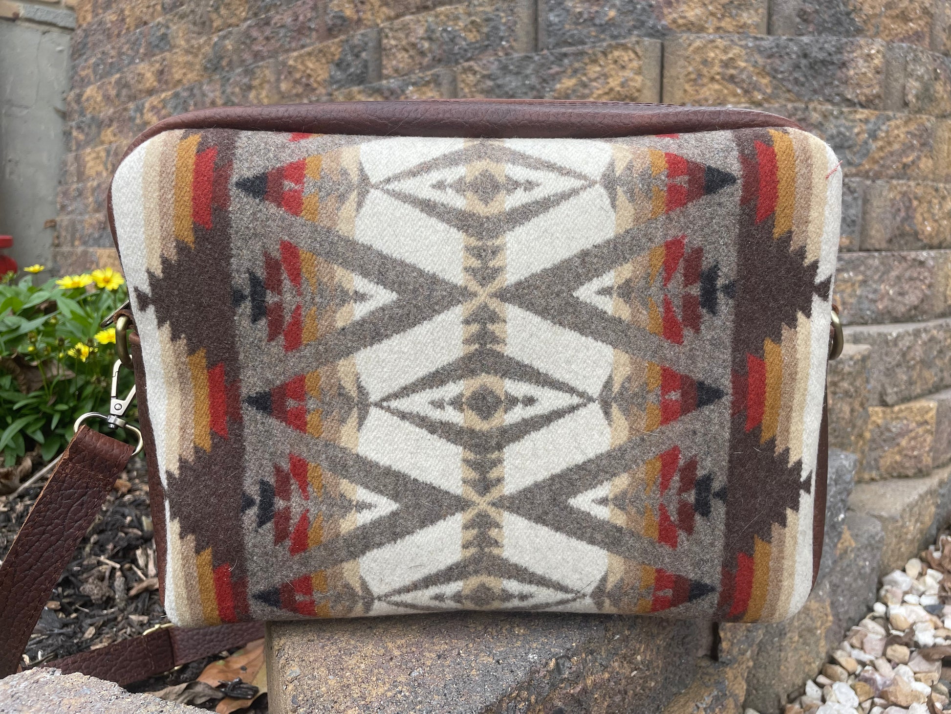 Pendleton Wool & Bison leather, two way zip closure. Large interior Slip pocket has divider.
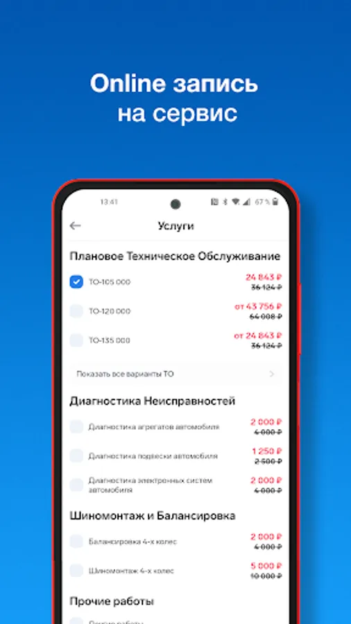 - choose a service and find out its cost: scheduled maintenance, fault diagnosis, tire fitting and balancing;
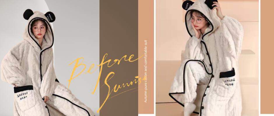 睡衣选用保暖、透气、舒适的面料,3D提花绒面料在穿着舒舒适、柔软、亲肤同时还能够为您添置一份舒适感。
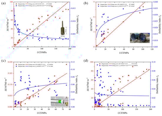 According to the calculated SE and Id, the relationship between them and uniaxial compressive strength of rock under different cutting tools is established, respectively. When the standard diamond solid bit was used, the relationship between SE (or Id) and UCS is present in Figure 14a, and the corresponding regression model is shown in Table 6. Similarly, the relationship between SE (or Id) and UCS is present in Figure 14b,c, in which the impregnated diamond bit and PDC bit were performed to drilling. Their regression models are also shown in Table 6. Finally, all the data under the three types of bits were used to establish the relationship between the SE (or Id) and UCS of rock. The regression model and fitting curve are shown in Table 6 and Figure 14d, respectively.
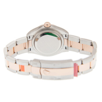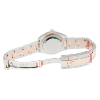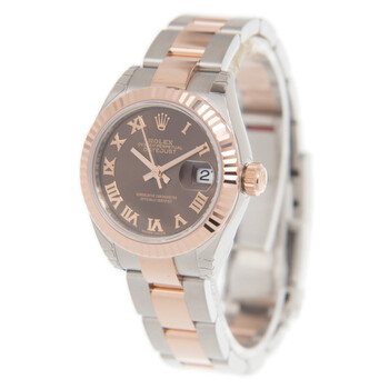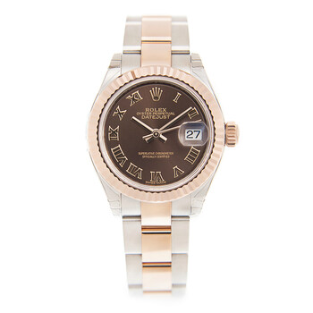 Silver-tone stainless steel case with a two-tone (silver-tone and rose gold-tone) stainless steel and 18kt everose gold rolex oyster bracelet. Fixed fluted rose gold-tone 18kt everose gold bezel. Brown dial with gold-tone hands and Arabic numeral hour markers. Dial Type: Analog. Date display at the 3 o'clock position. Rolex Calibre 2236 Automatic movement, based upon Rolex 2235, containing 31 Jewels, bitting at 28800 vph, and has a power reserve of approximately 55 hours. Scratch resistant sapphire crystal. Screw down crown. Solid case back. Round case shape, case size: 28 mm, case thickness: 11 mm. Crown clasp. Water resistant at 100 meters / 330 feet. Functions: date, hour, minute, second. Lady Datejust 28 Series. Luxury watch style. Watch label: Swiss Made. Rolex Lady Datejust 28 Automatic Brown Dial Ladies Watch 279171 BRRO.
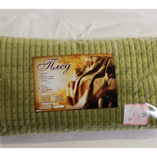 Лёгкий, эластичный и приятный к телу плед из лёгкого велсофта, края обработаны оверлоком и подшиты.
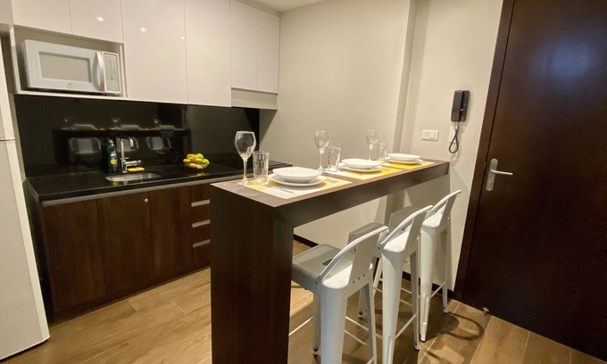 A living room, a sofa bed, air conditioning, and concierge services are featured at this 1-bedroom, 1-bathroom rental. Bathroom amenities include a hair dryer, a bidet, and towels. The kitchen is equipped with a stovetop and a refrigerator, as well as an electric kettle, a microwave, and cookware. And you can even travel light because you'll have access to laundry facilities.
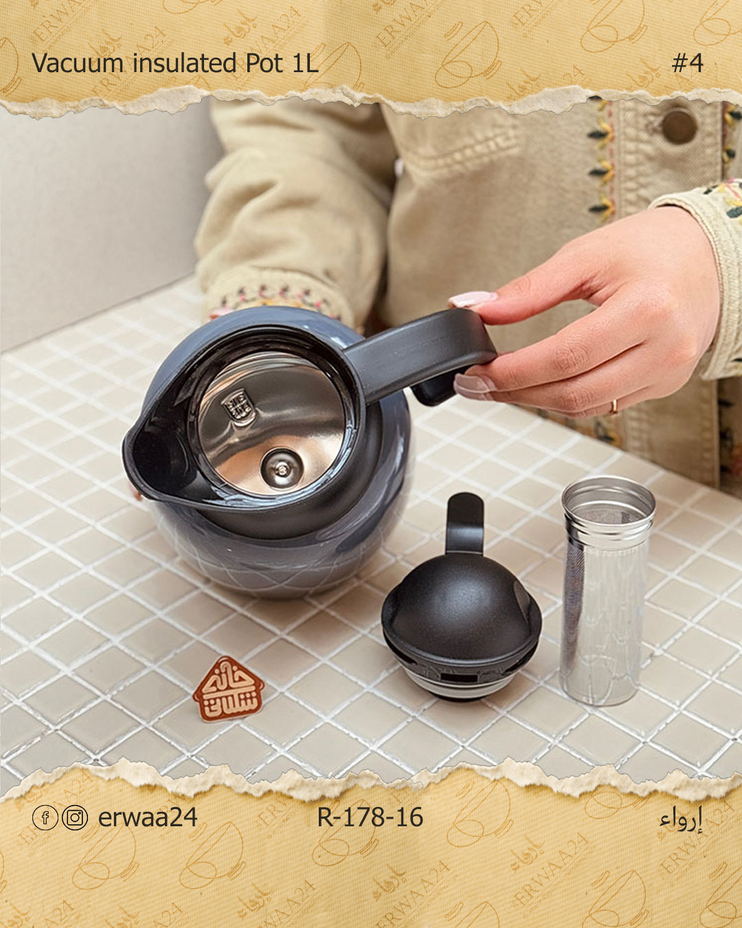 يمكن وضع الشاي أو الأعشاب المفضلة في الفلتر ووضعها في الترمس ويسكب عليه ماء مغلي أو دافئ.

****************

* [WORK INSTRUCTION]
Your copy should consist only of the lines from the one containing "A living room, a" through the last line of the entries above, reproduced exactly, without pictures.

* [SOLUTION TO THIS PROBLEM]
 A living room, a sofa bed, air conditioning, and concierge services are featured at this 1-bedroom, 1-bathroom rental. Bathroom amenities include a hair dryer, a bidet, and towels. The kitchen is equipped with a stovetop and a refrigerator, as well as an electric kettle, a microwave, and cookware. And you can even travel light because you'll have access to laundry facilities.
 يمكن وضع الشاي أو الأعشاب المفضلة في الفلتر ووضعها في الترمس ويسكب عليه ماء مغلي أو دافئ.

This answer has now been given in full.